Menzel Lab

Department                             Imaging Physics

Principal investigator          Miriam Menzel

E-mail address                       m.menzel@tudelft.nl

Website                                   http://menzellab.gitlab.io

 

3D-Nanoprinting for improved fiber reconstruction with scattered light

In collaboration with the Accardo Lab (3mE, TU Delft)

Computational Scattered Light Imaging is a highly promising new imaging technique, which allows to disentangle highly complex nerve fiber networks in the brain. However, it has mostly been used to generate 2D fiber maps, as tissue samples with well-defined 3D fiber orientations are not available. In this project, we will generate 3D-printed tissue phantoms with different fiber geometries (e.g. crossing fibers, inclined fibers, fibers with different diameters) and measure them with our setup. In this way, we want to validate and improve the current reconstruction of fiber structures from measured scattering signals. The project is a joint TU Delft Bioengineering Institute funded project.

Techniques

  • Two-photon polymerization
  • Scanning electron microscopy
  • Scattered light imaging
  • Image analysis

 

Exploiting tissue composition with polarized light scattering

In brain tissue sections, an interesting effect has been observed: Some regions let more light through when the light is polarized parallel to the nerve fibers. Other regions let more light through when the light is polarized perpendicular to the nerve fibers. In this project, we will study to what degree this effect is caused by scattering and how it can be used to distinguish between different tissue compositions. Apart from brain, we will measure biological tissues with other types of fibers (muscle, collagen) to see if they show similar effects.

Techniques

  • Polarization microscopy
  • Scattered light imaging
  • Tissue histology
  • Image analysis

 

Analyzing nerve fiber size in brain samples using scattered light of different wavelengths

Supervisors: Miriam Menzel, Hamed Abbasi

Computational Scattered Light Imaging (ComSLI) is a promising new imaging technique that resolves densely interwoven nerve fibers and their crossings with micrometer resolution, by exploiting scattering of visible light. While other techniques require dedicated equipment and time-consuming raster-scanning, ComSLI can be performed with a simple LED light source and camera.

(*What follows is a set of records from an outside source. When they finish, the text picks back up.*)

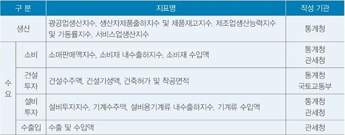 경기동향 분석에 사용되는 월별 경제지표는 대부분 통계청에서 작성하고 있습니다. 생산 활동을 나타내는 지표로는 전산업생산지수, 생산자제품출하지수 및 제품재고지수, 제조업생산능력지수, 가동률지수 등이 있습니다. 가계의 소비지출지표로는 소매판매액지수, 소비재 내수출하지수, 소비재수입액 등이 있습니다. 그리고 기업의 투자지출지표는 건설과 설비 투자로 구분되어 있습니다.
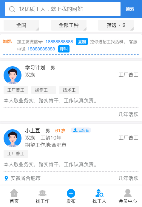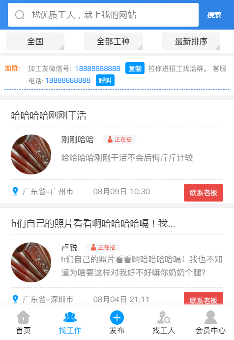 工地发布招工信息,工人发布找活名片信息,查看联系方式需要消耗积分、置顶刷新也需要使用积分、积分可充值、可以查看积分获取和消耗记录,也可以通过要求好友注册来获取积分,可以查看谁看过我,和我看过谁的记录,还有资讯动态,实名认证、实名查询等功能,后台可以审核查看和编辑这些信息、发布资讯动态、设置刷新置顶查看联系方式的消耗积分、设置注册和邀请的赠送积分、充值比例设置、轮播图、首页分类图标和连接设置等。
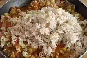 3. Мясо нарезаем маленькими кубиками и обжариваем с репчатым луком до появления на мясе корочки. Затем добавляем к курятине порезанный кубиками перец, молодой кабачок и овощную пасту. Посыпаем всё пряностями и солим. Тушим до готовности мяса. Перемешиваем рис с овощами и фаршем. Форму смазываем сливочным маслом. Выкладываем смесь в форму.
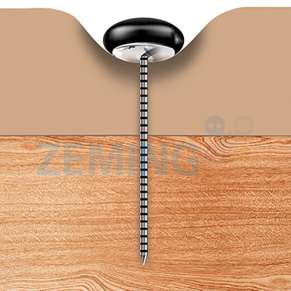 Description:When anchored with a spring lock washer, the Threaded Nail is a fast, positive, alternative to prong tufting. Just the nail through the upholstered construction and fasten in on the back with a spring washer. Deep threads are designed so spring washer slides on easy, yet can’t pull off. Nail is rigidly welded to collet.
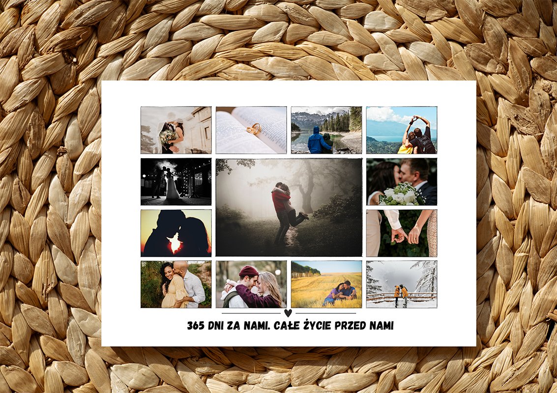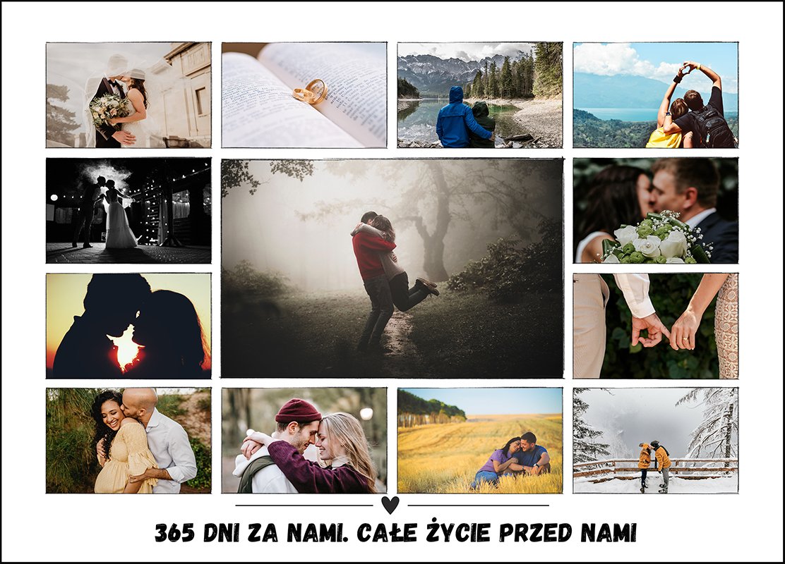 Kolaż zdjęć na rocznicę ślubu – 365 dni za nami, całe życie przed nami to dekoracja i prezent, który mówi więcej niż tysiąc słów. Nasze kolaże zdjęć to nie tylko zacne dekoracje, ale też opowieści zapisane w kadrach.
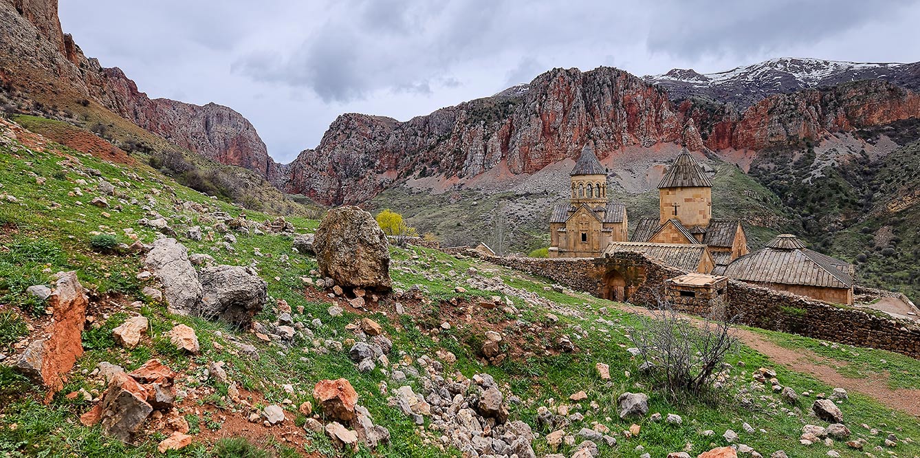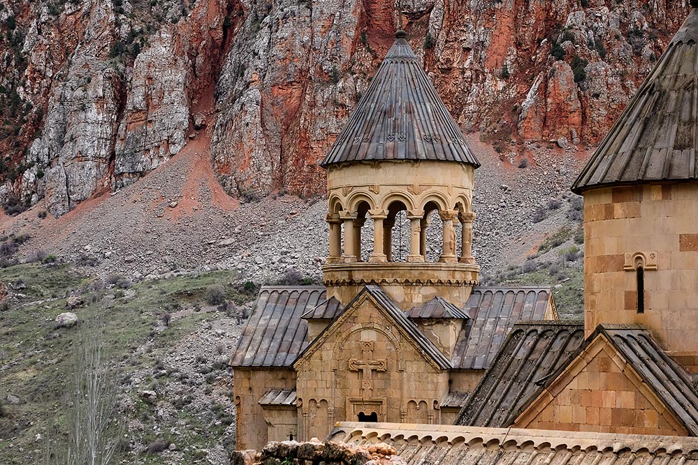 Arménie : une tout autre architecture s'offre à nous, à 120 km au S-E de la capitale : Noravank, niché au fond de l'étroite gorge Amaghou, à l'est du haut-plateau arménien (Petit Caucase). 1/2 (avril 2024)
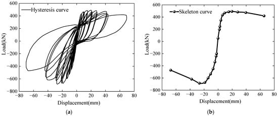Hysteresis and skeleton curves of specimen. (a) Hysteresis curve; (b) skeleton curve.
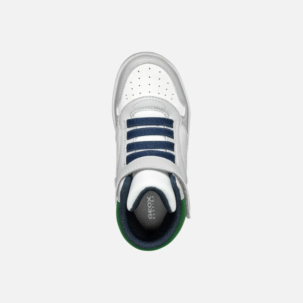 Junior-Mid-Cut-Sneaker im schlichten Design – ideal für die Schule und für Freizeitaktivitäten. In dieser Variante in einer Kombination aus Hellgrau und Dunkelgrün ist Washiba ein unverzichtbares Casual-Modell für die Alltagsgarderobe. Das bequeme, atmungsaktive und leicht zu kombinierende Modell ist aus Material in Lederoptik und in Elasthan gefertigt.
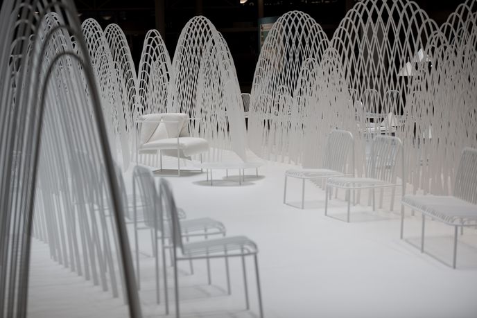 Created from Forex, a plastic foam material, 80 5mm boards were cut and stretched out, creating evenly spaced partitions and peaks in a variety of sizes to emulate a snowy mountain environment. Pieces of furniture were then placed between the partitions, encouraging visitors to interact with the work and escape from the busy show.
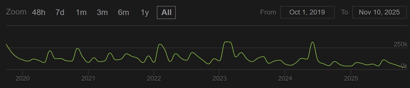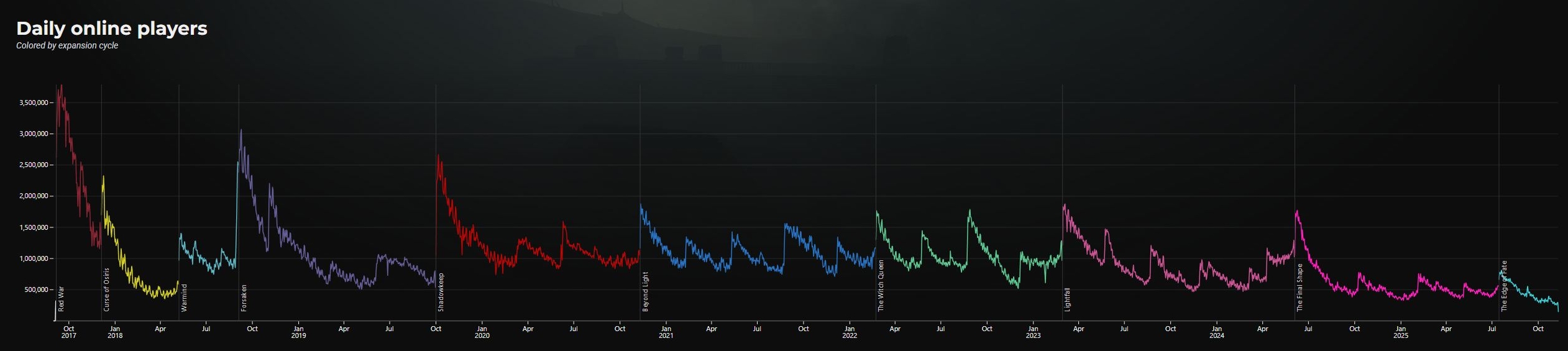 Dane ze Steama potwierdza ten wykres, który zbiera wyniki API aktywności graczy za rajdy, dungeony, PvP (itd.). Widzimy dokładnie, że październik czy w ogóle - ostatnie miesiące - były dla Destiny 2 najgorszym okresem.

It is expected that the scattering of light depends on the feature size relative to the wavelength. In this project, we will systematically compare scattering signals obtained from ComSLI measurements with different wavelengths on various brain tissue sections, to better understand how they are related to the underlying nerve fiber sizes, and how these measurements can be used to estimate the fiber sizes.

Techniques

  • Scattered light imaging measurements
  • Automated signal and image analysis (using ImageJ/Python)

Further reading

Menzel, M., et al. (2021). Frontiers in Neuroanatomy, 15, 767223. DOI: 10.3389/fnana.2021.767223.

 

Confidence map for scattered light imaging measurements of fibrous tissue samples

Currently, measurement results from Computational Scattered Light Imaging (ComSLI) are mostly compared qualitatively because a quality measure is missing. This makes it difficult to optimize measurement parameters or make informed statements about differences between samples. Also, the measured scattering signals are only interpreted by a simple peak-finding algorithm – the strength and clarity of the signals are not taken into account. In this project, we will develop a quality measure to better quantify the results of ComSLI (scattering patterns, line profiles, etc.), and develop a confidence map to indicate how reliable the computed fiber orientations are. We will identify questionable outliers by taking regional information and information from surrounding pixels into account.

Techniques

Signal and image analysis (using ImageJ and Python)

Further reading

Menzel, M., et al. (2021). NeuroImage, 233, 117952. DOI:  10.1016/j.neuroimage.2021.117952.

 

Development of a combined fluorescence and scattered light imaging system

Computational Scattered Light Imaging (ComSLI) stands as a novel and emerging imaging method capable of distinguishing intricately entangled fibers (nerves, collagen, etc.) and their intersections at a micrometer scale, utilizing the scatter of visible light.

Whole-slide fluorescence microscopy is a specialized form of fluorescence microscopy that allows for the scanning and digitization of an entire microscope slide with high throughput. It has significant applications in pathology, allowing for the rapid screening and analysis of tissue samples.

Techniques

  • Optical system development (scattered light imaging, fluorescence imaging)
  • Automated image accusation (e.g., using Python)

Further reading

Menzel, M., et al. (2021). NeuroImage, 233, 117952. DOI:  10.1016/j.neuroimage.2021.117952.

Rivenson, Y., et al. (2019). Nature biomedical engineering, 3, 466-477. DOI: 10.1038/s41551-019-0362-y.